E’ un viaggio sospeso tra musica  poesia che accomuna la sensibilità artistica dei musicisti, nel trasformare in maniera originale testi poetici di alto valore lirico con suoni che coinvolgono e avvolgono l’ascoltatore.

Il programma è basato sul progetto “Musica Lontana” con musiche originali scritte da V. Mastropirro su poesie dialettali di V. Curci, con l’integrazione di antiche canzoni greche e dell’area mediterranea

Le canzoni sono interpretate dalla versatile voce di Giorgia Sylleou, sostenute dal geniale e fantasioso pianismo di Sakis Papadimitriou e dalle molteplici evoluzioni improvvisate di  Vincenzo Mastropirro ai flauti e Vittorino Curci al sax, sorrette dal contrabbasso di Agamemnon Mardas e  dalle percussioni di Xristos Germenoglou.

Questa collaborazione nasce dall’amore comune dei musicisti per la poesia.

Questo progetto ha ottenuto riconoscimenti lusinghieri al Festival Mediterraneo 2000 e 2004 di Bisceglie e Conversano (Italia) e al Festival Etno-Jazz 2000 di Ioannina (Grecia).

I musicisti vantano singolarmente una storia artistica di rilievo,avendo maturato nel tempo esperienze nella musica classica, jazz ,contemporanea, etnica, multimediale,sperimentale e della musica improvvisata, facendo parte di gruppi e formazioni eterogenee.

Hanno all’attivo numerose tournèe internazionali per importanti istituzioni musicali e molte incisioni discografiche con note etichette specializzate:

Leo Records, InSitu, Ank,Lyra Records, WarnerFonit, Bongiovanni,

Musicaimmagine, Rugginenti, Phoenix Classics, Enja, Terre Sommerse ed altre ancora.

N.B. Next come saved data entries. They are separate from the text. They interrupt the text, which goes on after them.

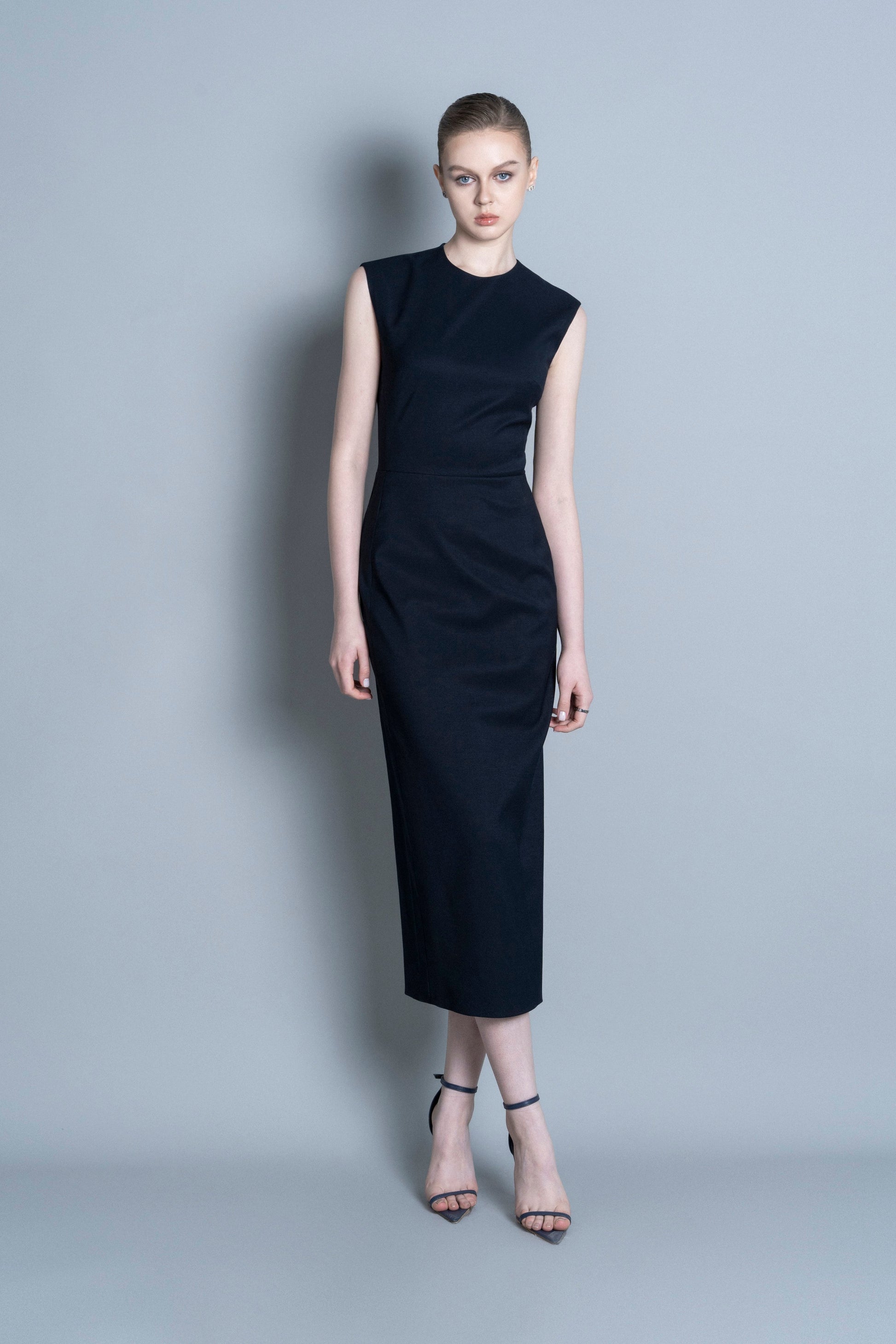 The pencil dress has a round neckline and no sleeves. The dress is pencil-shaped and falls below the calf, with a relaxed fit in the lower half for a youthful design. The shoulders are standard, and the top is made with side seams connecting the front and back. The dress features two pleats in the front and two in the back. There is a center back zipper with a slit.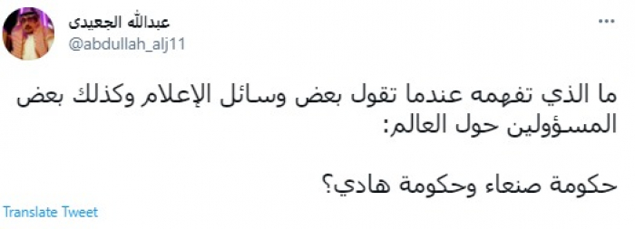 وقال في تغريدة عبر "تويتر" رصدها "المشهد العربي": "ما الذي تفهمه عندما تقول بعض وسائل الإعلام وكذلك بعض المسؤولين حول العالم: حكومة صنعاء وحكومة هادي؟".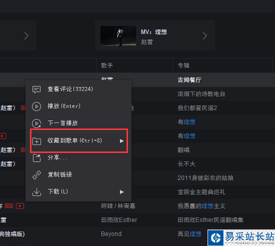 4、這樣歌單就創建成功了,我們在聽歌的時候,遇到自己喜歡聽的歌可以通過點擊右鍵,加入到歌單。

Pubblicato il mercoledì 07 Luglio 2010

Vincenzo Mastropirro

Tretìppe e martìdde – Questo e quest’altro

Giulio Perrone Lab Editore, Roma, 2009

Nota di lettura di G. Lucini

L’aspetto sorprendente di questa raccolta in versi scritta nel dialetto di Ruvo di Puglia, patria di un ottimo vino rosso e del nostro autore, ottimo flautista e ottimo poeta, è l’improvviso cambio di registro dalla raccolta precedente (Nudosceno, per i tipi di Lietocolle) scritta in lingua.  Lo nota nella sua acuta introduzione Luigi Matropoli e l’ho subito verificato sin dalle prime poesie.  Se Nudosceno è la poesia di un uomo “gettato” nella modernità e vi reagisce come un leone in trappola, il ritorno al dialetto (che è anche il ritorno al passato) rappresenta l’arresto, la pausa di riflessione, la ricerca di senso attraverso la rielaborazione della propria e primitiva esperienza in seno a una comunità linguistica e culturale decentrata, appartata come a difesa dal mondo e dal suo non-senso.  Quel mondo che, proprio negli anni dell’infanzia del nostro poeta, Pasolini celebrava nei suoi scritti con un groppo alla gola, non certo di nostalgia per le condizioni di vita, ma perché portatore di valori che la modernità considera(va) obsoleti.  In un certo senso (vedi ad esempio nella poesia La murgia, a pag. 23, presentata anche all’edizione 2008 del Turoldo) anche Mastropirro prova questa acuta sofferenza, perché “Quando non riesci più a trovare / le orme che ti sei lasciato dietro // vuol dire / che ormai davanti a te / è pronto un burrone” (pag. 71).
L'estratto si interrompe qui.